Sat, 06 Jun 2026 Berlin 23:56 DE / UKR / EN

Budget Crisis: German Government Plans Cuts to Parental Allowance

The German government wants to reduce spending on parental allowance by around 350 million euros in 2027 and 395 million euros in 2028, as reported by the FAZ. The reason is rising costs for defense, debt service, and pensions, which are shrinking other fiscal leeway.

Budget Crisis: German Government Plans Cuts to Parental Allowance
Photo: media0.faz.net

The budget framework approved by the cabinet envisions that the budget of Karin Prien (CDU) will shrink by half a billion euros each in 2027 and 2028. The ministry’s total volume currently stands at 16.7 billion euros. The savings on parental allowance are part of these cuts, as the FAZ reports.

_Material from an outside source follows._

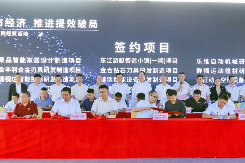 簽約項目共有11個,涵蓋教育和人才建設、服務業、工業等領域,涉及投資總額63.63億元,它們分別為:廣東工業大學校地共建實踐育人基地項目、東江遊艇智造小鎮(一期)項目、群福運動器材研發製造項目、宏征動力空壓設備研發製造項目、東方時代金屬建材設計製造項目、樂維自動機械研發製造項目、金豐利合金刃具研發製造項目、金合鑽石刀具研發製造項目、瑞視達智能投影研發製造項目、健瑞智能設備研發製造項目、集品智能家居設計製造項目。

Prien is seeking understanding for the austerity plans. She is “showing solidarity” with what the coalition committee agreed, she told Welt. “Responsible policy toward families and future generations also includes a policy that consolidates the budget,” Prien said. The coalition agreement between the Union and SPD had originally promised an increase in parental allowance – now this collides with fiscal reality.

Criticism comes from within her own ranks: CDU Secretary General Carsten Linnemann had previously advocated for maintaining the benefit. Parental allowance is “not a social benefit” but a “promise to the young generation,” he told Bild newspaper. Johannes Winkel, chairman of the Young Union, warned in Spiegel against making the reform process absurd through cuts.

The federal government currently pays around 7.5 billion euros annually in parental allowance to young families. The benefit ranges from 300 to 1,800 euros per month, depending on lost income. Parental allowance can be claimed for at least twelve months; additional months are added if both partners participate. The government has not yet specified how the savings will be implemented.